Abstract
This review focuses on best practices and recommendations for hygiene and disinfection to limit exposure and transmission of infection in outpatient glaucoma clinics during the current COVID-19 pandemic.
Key Words: coronavirus, disinfection, hygiene, glaucoma, tonometry, visual field testing, optical coherence tomography, lenses
The first physician to sound the alarm about the novel coronavirus causing severe acute respiratory syndrome coronavirus 2 (SARS-CoV-2) was ophthalmologist Lin Wenliang, MD in Wuhan, China. Not long after he first raised awareness for SARS-CoV-2, he was infected by a presymptomatic patient with glaucoma and died.1
Just a few months after Dr Wenliang’s death, several studies have confirmed both presymptomatic and asymptomatic transmission of SARS-CoV-22–5 and the director of the Centers for Disease Control and Prevention (CDC) Dr Robert Redfield estimates that as many as 25% of individuals who test positive for COVID-19 disease are asymptomatic.6 Hence, the fear of transmission of SARS-CoV-2 during an ophthalmology office visit is well warranted and requires ophthalmologists, optometrists, and ancillary personnel to be aware of the signs and symptoms of COVID-19; and to minimize transmission to personnel and other patients.

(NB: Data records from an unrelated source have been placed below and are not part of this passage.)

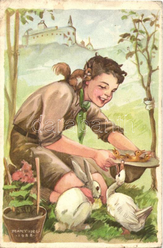 Leírás: "A cserkész szereti a természetet, jó az állatokhoz..." Cserkész Levelezőlapok Kiadóhivatal / scout boy s: Márton L. (EK)
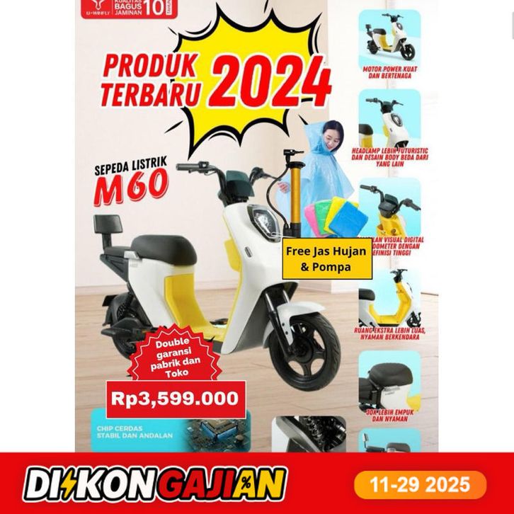 FREE ONGKIR DOUBLE BONUS M60 Sepeda Listrik UWINFLY M60 u winfly u-winfly m 60 Moped Electric anti air tahan hujan NEW!!
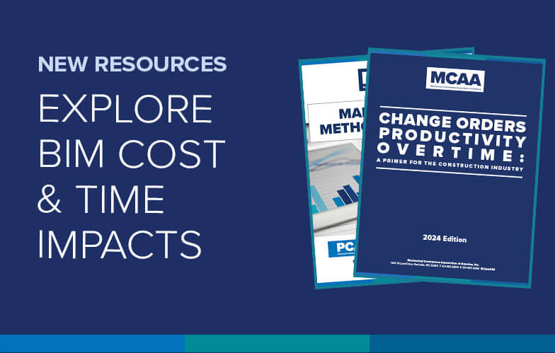 Mechanical, electrical, plumbing and sheet metal (MEP/SM) contractors are normally at the forefront of Building Information Modeling (BIM) activities on a construction project. Substantial BIM cost and time overruns have occurred on many projects due to the fluid boundaries between coordination and design. MCAA’s Identifying, Quantifying and Preventing BIM Related Cost and Time Impacts Management Methods Bulletin explores the factors that contribute to these overruns, allowing contractors to better plan for them. The bulletin is now included in a 2024 edition of MCAA’s Change Orders, Productivity, Overtime—A Primer for the Construction Industry. MCAA members can download both resources free as a benefit of membership. Printed copies of the Change Orders resource are also available for purchase.
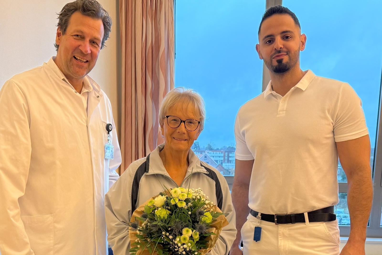 Dr. med. Philipp Werner (Chefarzt der Klinik für Orthopädie/Unfallchirurgie), Patientin Dore Büürma und Mohannad Alsulaiman (Oberarzt der Klinik für Orthopädie/Unfallchirurgie). © Klinikum
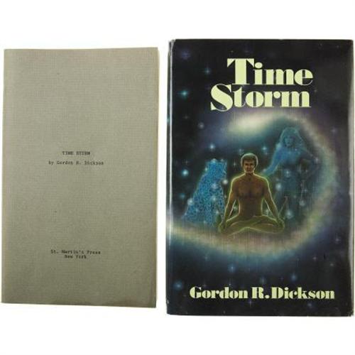 <B>Gordon R. Dickson. </B></I><B><I>Time Storm</B></I></B></I><B> and </B></I><B><I>Time Storm</B></I></B></I><B> Advance Proof.</B></I> New York: St. Martin's Press, 1977.<BR> <BR>First edition and advance proof copy. Octavo. 342 and 301 pages respectively.<BR><BR>The first edition in publisher's original blue boards with gilt titles on the spine. Corners bumped. Faint stain running along the bottom edge of the boards. Front hinge cracked but contents tight and bright. Dust jacket bright. Advance proof copy in printed wrappers with publisher's announcement affixed to the title page. Slight toning to pages. Hardcover edition in good condition; advance proof in fine condition. <I>From the Robert and Diane Yaspan Collection.</B></I><BR><BR><b>Shipping:</b> Books & Catalogs (<a target="_blank" href="http://www.heritageauctions.com/common/shipping.php">view shipping information</a>)
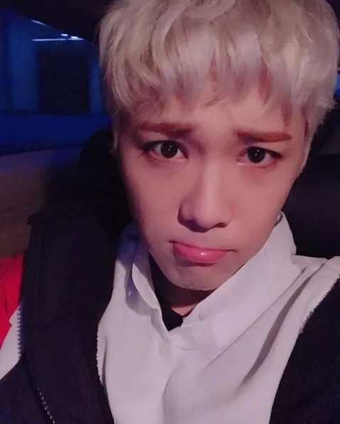 照片中的李弘基炫耀着大眼睛但怄气地把嘴巴嘟着引人瞩目。
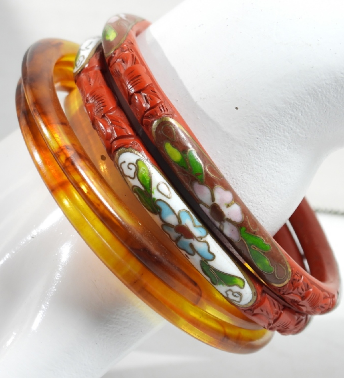 4 VINTAGE BRACELETS. TWO RED CARVED CLOISONNE BRACELETS. TWO AMBER COLORED LUCITE BRACELETS. 9″.
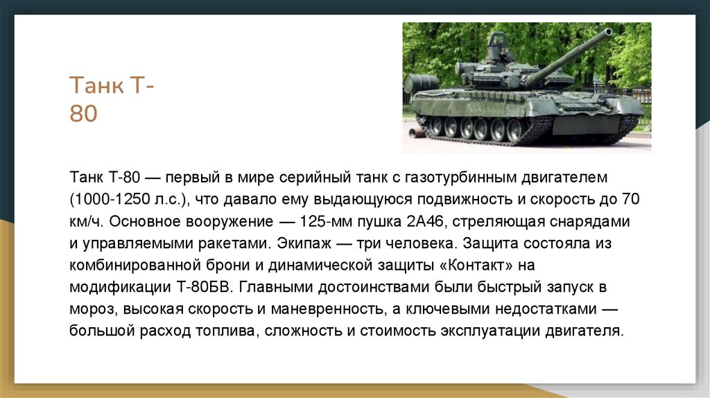 Танк Т80Танк Т-80 — первый в мире серийный танк с газотурбинным двигателем

Reports have suggested that COVID-19 may present with findings of conjunctivitis that are indistinguishable from viral conjunctivitis because of other pathogens. A study of 30 patients in China found that 1 patient with conjunctivitis had SARS-CoV-2 in tear film and conjunctival discharge, suggesting that the virus may cause infection through the conjunctiva or ocular surfaces.7 In a study of 38 patients with clinically confirmed COVID-19, ocular findings such as conjunctival hyperemia and epiphora were associated with more severe clinical disease, higher white blood cell, and neutrophil counts, and greater C-reactive protein elevation compared with patients without ocular symptoms.8 Though the risk of ocular transmission of SARS-CoV-2 through the tear film is likely low,9 the use of ophthalmic diagnostic equipment and procedures that requires close proximity to patients—such as the slit lamp, ophthalmoscope, and ocular manipulation—increases the risk of viral transmission from patient to physician through respiratory droplets and contact with surfaces. In addition, several ophthalmic instruments are commonly used during a single-patient visit and, if not disinfected properly, these tools can become potential sources of transmission.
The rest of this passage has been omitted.